『本と人をつなぐ図書館員』

 5月末に浦安の家族宅に行った際に、飛行機の中で読了したのが、山内薫著 『本と人をつなぐ図書館員 -障害のある人、赤ちゃんから高齢者まで』 (読書工房)

 図書館の利用に障害のある人々への資料提供サービスを中心に、著者が行ってきた実践が綴られているのだが、正直言って「ここまでやるのか!」という驚きが最初にあった。
 なぜ驚くかと言うと、そのサービスが半端ではないからだ。

 第1章の冒頭に例示として出てくる「ひろみさん」は、筑波に住んでいる重度な肢体不自由のある女性なのだが、著者の山内さんは、1969年に墨田区立あずま図書館で図書館員としてのキャリアをスタートさせ、障害者サービスを柱としつつも、児童サービスなどあらゆる墨田区の図書館サービスの推進を現場で支えて来られた方である。
 墨田区の著者が、自分の務める図書館のサービスエリアの外、筑波に住む彼女が利用できそうな録音図書テープを送り、旅行のついでに会いに行き、その後も手紙のやり取りを続けながら、彼女が聞きたい内容の録音図書テープを探し、送り届けるのだ。

 また、その次に出てくる「大樹くん」は、生まれた時から視力に障害がある二歳児。
 彼と著者が出会ったのは、障害児をもつ親の会の集まりの場で、最初は図書館にある『さわる絵本』や『布の絵本』の利用を勧めるのだが、彼が保育園に入るようになると、保育園の保育士さん向けに展示の勉強会を開いたり、持ち物に展示のシールを貼るなどの環境作りを手伝う。
 そして、小学校に上がる段階になると、彼に点字を教えるためのプロジェクトチームを結成し、図書館をベースに点字教室を始めるのだ。

 この冒頭の2例だけでぶっ飛ぶ!。

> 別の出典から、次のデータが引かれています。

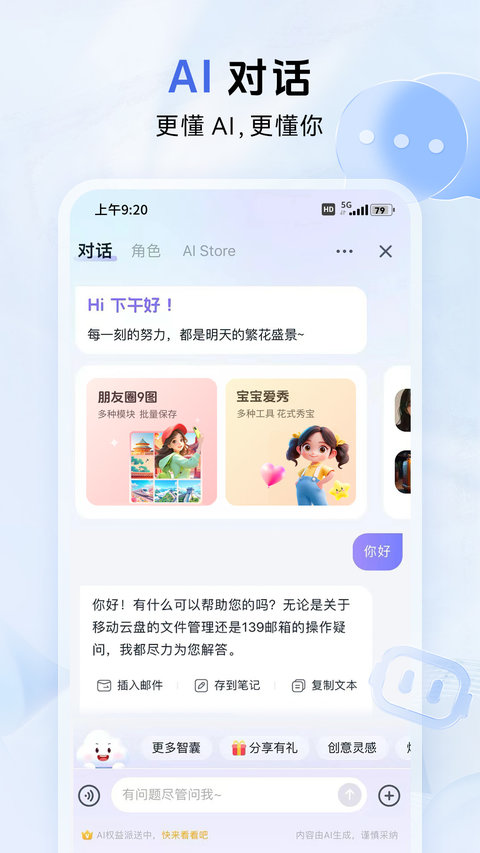 1. 云端高性能:依托中国移动服务器集群,提供媲美旗舰手机的运算能力。
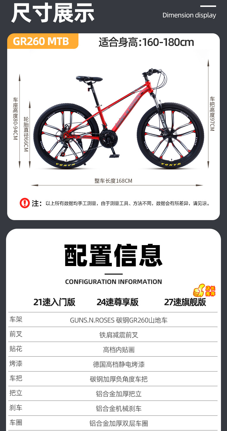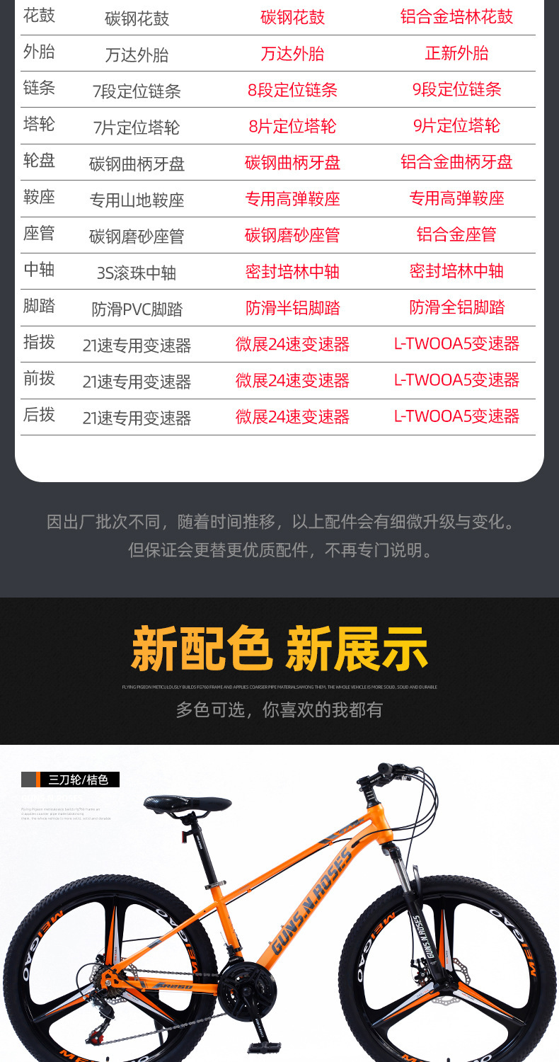 | Tamaño | 26 pulgadas 21 velocidades,24 pulgadas 21 velocidades,26 pulgadas 24 velocidades,24 pulgadas 24 velocidades,26 pulgadas 27 velocidades,24 pulgadas 27 velocidades,26 pulgadas 30 velocidades,24 pulgadas 30 velocidades |
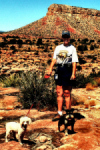 Roscoe and Harpo with Phyllis in front of Vulcan's Throne in the rarely visited Torroweap(aka Tuweep) section of Grand Canyon National Park (North Rim) 2005.
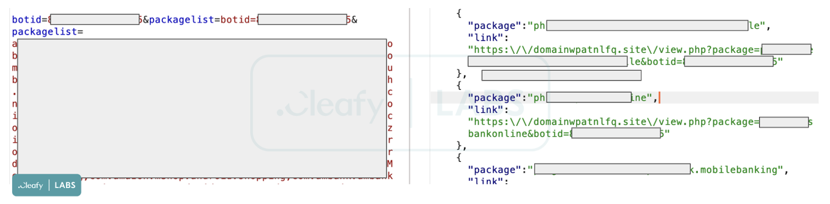 The first version of SOVA had almost 90 targeted applications (including banks, crypto wallet/exchange, and generic shopping apps), initially listed and stored in the packageList.txt file within the assets/ folder. In the latest samples, this file has been removed and the targeted applications are managed through the communications between the malware and the C2.
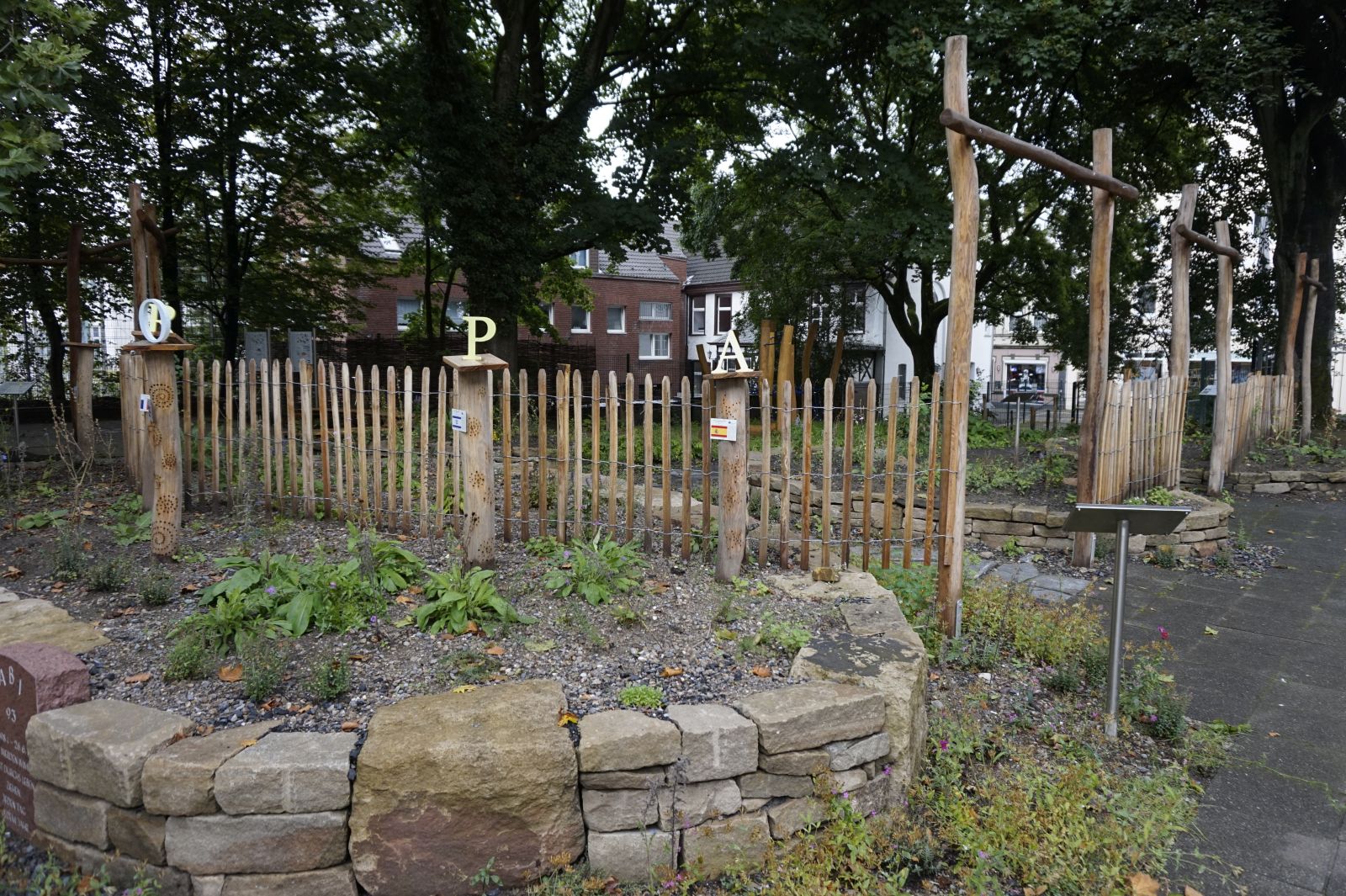 Der Schulgarten selbst, der in den vergangen Jahren stets verschlossen war und ein eher tristes, da verwildertes Dasein fristete, wurde im vergangenen Jahr unter fachkundiger Planung und Anleitung von Barbara Noga, die mit ihre Firma Garten Design Noga auf die nachhaltige und pädagogisch sinnstiftende Gestaltung von Gärten und Außenanlagen spezialisiert ist, von Grund auf neu gestaltet. In mehreren Projekttagen haben viele Mitglieder der Schulgemeinschaft, Schülerinnen und Schüler, Eltern, Lehrerinnen und Lehrer sowie Ehemalige teils bei frostigen Temperaturen und teils in schweißtreibender Hitze gemeinsam angepackt, um den Schulgarten zu einem nachhaltigen Erlebnisgarten, zu einem ganz neuen pädagogischen Raum, zu einem neuen Schmuckstück unserer Schulhofs werden zu lassen. Insektenhotels, eine Insektenburg, eine Wassersenke, Sitzbänke, Hochbeete, Natursteinmauern, Pflanzen, Bäume, ein Spiel- und Klettergerät, ein grünes Klassenzimmer, Erläuterungstafeln zur Flora und Fauna, ein Europa-Garten, in dem unserer Partnerschule verewigt sind, ein Natursteinmosaik im Eingangsbereich, das den Petriner Hahn mit seinen bunten Schwanzfedern zeigt, oder eben die historischen Tafeln zur Bildungsgeschichte und vieles mehr – an jeder Ecke im neuen Schulgarten gibt es etwas zu entdecken.

ここに書かれたサービスは、私の知る図書館のサービスの限界を遙かに超えている。
 行政のエリアも、部署云々といった管轄も飛び越えて、真っ直ぐに利用者を見ている。
 そんなできるとは思わなかったし、やっていいとも思わなかった。いや、考えることすらしなかったと言って良いだろう。
 でも、実際にやってのけた図書館員がいて、その図書館のサービスを受けて育った利用者がいるのだ。

 「おわりに」で著者は言う。
 「図書館利用に障害のある人たちとの出会いは、その都度『図書館とは何をするところか』『図書館に何ができるのか』ということを考えさせられる契機となってきた」と。
 「多くの利用者の方にさまざまなことを学ばせていただき、育てていただいた」と。

 司書資格を持ちながらも現場経験の殆ど無い私は、「障害者サービス」とか「アウトリーチ」とか、言葉は知っていても、その実践については何も知らないでいたことを、本書は教えてくれた。
 はっきり言って甘かったです。反省します。

 まだまだ図書館にできることはあり、そのためには、何よりも「人」(利用者)を見てそれに合ったサービスを考える集団としての「職員」が必要であることもまた本書は教えてくれた。
 それは、図書館での仕事に限らず、あらゆる職場で応用できそうである。